# EXERCISE AIM
Output only the lines below from the one holding "DEEP EVOLUTION Homo" down to the one holding "- Marks on Most", both end lines included and every picture dropped.

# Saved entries
=== Section Start ===
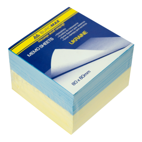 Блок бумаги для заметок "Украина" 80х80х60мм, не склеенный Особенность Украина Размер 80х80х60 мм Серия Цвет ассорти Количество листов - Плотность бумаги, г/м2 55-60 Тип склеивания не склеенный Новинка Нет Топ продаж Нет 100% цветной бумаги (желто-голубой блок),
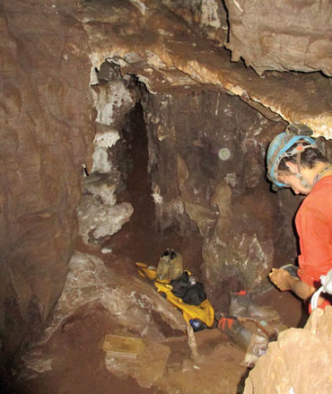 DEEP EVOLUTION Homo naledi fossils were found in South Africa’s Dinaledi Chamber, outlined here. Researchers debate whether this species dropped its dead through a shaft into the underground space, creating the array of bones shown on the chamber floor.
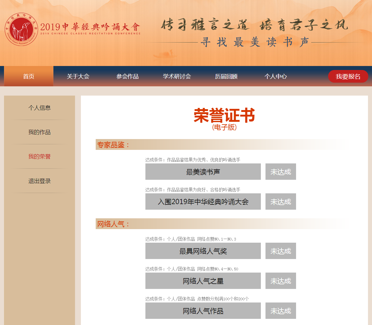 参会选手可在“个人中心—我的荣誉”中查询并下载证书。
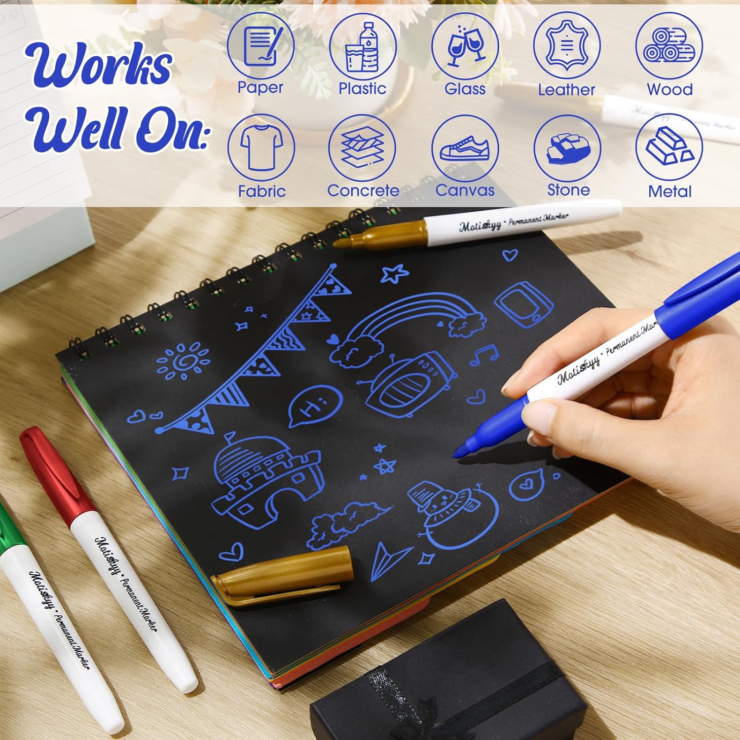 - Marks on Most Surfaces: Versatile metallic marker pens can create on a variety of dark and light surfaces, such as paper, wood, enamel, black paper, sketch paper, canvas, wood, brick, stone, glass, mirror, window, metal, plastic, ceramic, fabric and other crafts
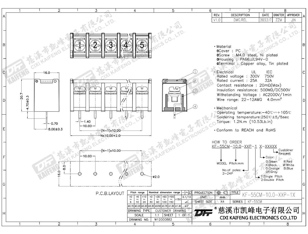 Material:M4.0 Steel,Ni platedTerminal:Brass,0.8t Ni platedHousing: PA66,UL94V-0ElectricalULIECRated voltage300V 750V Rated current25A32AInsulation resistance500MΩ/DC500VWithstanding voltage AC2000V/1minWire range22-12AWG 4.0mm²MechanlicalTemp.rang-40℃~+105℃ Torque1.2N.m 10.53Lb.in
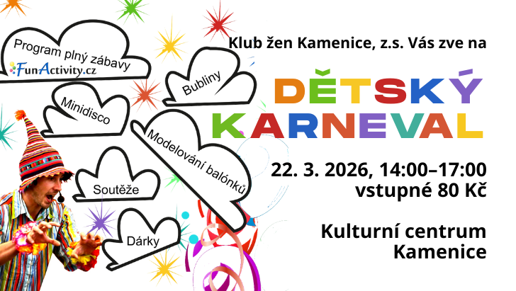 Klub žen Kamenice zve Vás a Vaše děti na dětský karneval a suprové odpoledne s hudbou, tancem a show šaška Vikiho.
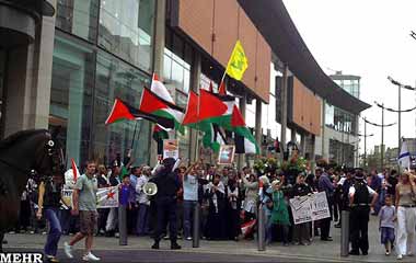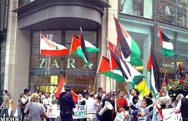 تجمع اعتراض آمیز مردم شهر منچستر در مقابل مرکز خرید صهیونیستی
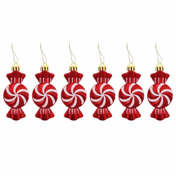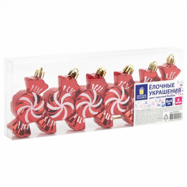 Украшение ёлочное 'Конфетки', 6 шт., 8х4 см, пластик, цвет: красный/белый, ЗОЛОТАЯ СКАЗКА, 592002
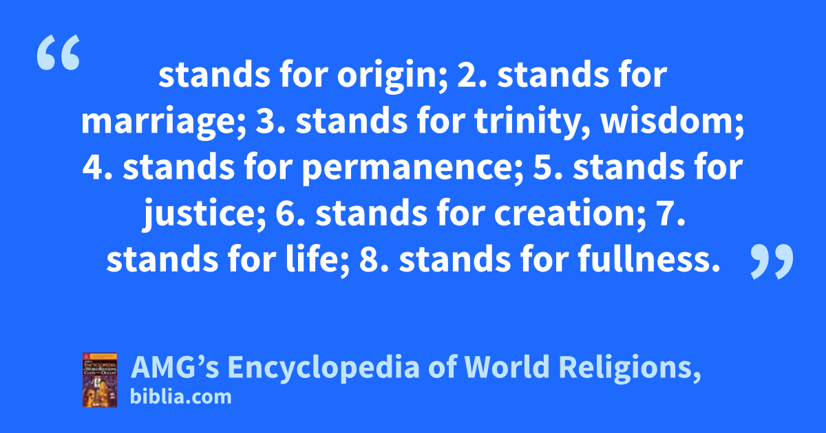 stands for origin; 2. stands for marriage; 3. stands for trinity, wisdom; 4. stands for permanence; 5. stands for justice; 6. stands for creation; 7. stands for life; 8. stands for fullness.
=== Section End ===
# RESPONSE BOX
 DEEP EVOLUTION Homo naledi fossils were found in South Africa’s Dinaledi Chamber, outlined here. Researchers debate whether this species dropped its dead through a shaft into the underground space, creating the array of bones shown on the chamber floor.
 参会选手可在“个人中心—我的荣誉”中查询并下载证书。
 - Marks on Most Surfaces: Versatile metallic marker pens can create on a variety of dark and light surfaces, such as paper, wood, enamel, black paper, sketch paper, canvas, wood, brick, stone, glass, mirror, window, metal, plastic, ceramic, fabric and other crafts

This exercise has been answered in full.